Un communiqué d’Unité populaire déclare qu'elle tentera des négociations avec les forces « anti-austérité » dont le Parti communiste grec stalinien (KKE), bien que cela ne donne pas de réelle possibilité d'une coalition viable. Cette démarche semble plutôt être un mécanisme pour intégrer le KKE et de petits groupes politiques dans une alliance politique.
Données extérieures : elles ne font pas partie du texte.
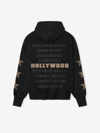The Vogue Fear of God Neighborhood Hoodie is crafted in the USA from 100% heavyweight cotton fleece and features a sunfade wash with hand-distressing for an authentic vintage appearance. Hand-printed graphics feature the Vogue Fear of God lockup across the chest, while the neighborhoods of Los Angeles are celebrated on the back—a nod to the city’s cultural landscape. The sleeves are detailed with stars from the iconic Hollywood Walk of Fame. The piece is framed by rib knit cuffs, waist hem, side pockets and Fear of God label on the hood. Fit Note: size up for a relaxed fit. DETAILS - Limited Edition Vogue Fear of God - 100% cotton fleece - Vintage fit: shrunken, cropped - Garment wash with a sunfade - Hand printed graphics - Double-layer hood - Rib-knit cuffs, waist hem - Side Pockets - Fear of God label - Made in USA

S'exprimant à la station de radio Parapolitika, le Secrétaire général du KKE, Dimitris Koutsoubas, a avancé la perspective d'une future collaboration avec le nouveau parti. Tsipras convoquerait des élections « très bientôt», a-t-il affirmé, « très précisément pour que ses rivaux internes du parti, ainsi que les partis d'opposition bourgeois, ne soient pas en mesure de s'organiser. »

La trahison de Syriza et les manœuvres cyniques de la Plate-forme de gauche vont conduire à un renforcement des forces les plus à droite et fascistes. Les actions de Syriza depuis l'élection sont un réquisitoire dévastateur contre tout ceux dans la pseudo-gauche qui ont affirmé que soutenir le gouvernement Tsipras, était un moyen de lutte contre l'austérité et contre la menace du fascisme en Grèce.

Syriza, dont la première action une fois au pouvoir fut de former une coalition avec le parti ouvertement xénophobe des Grecs indépendants, ne fera que se déplacer encore plus à droite.

Dans ce contexte, les commentaires vendredi du ministre du Travail de Syriza George Katrougalos étaient frappants. A un journaliste de la BBC qui voulait savoir si l'adoption de l'austérité par Syriza signifiait qu’il y avait un risque de montée du soutien aux partis de droite, Katrougalos a répondu qu'il n'existait plus de « confrontation typique entre gauche et droite ».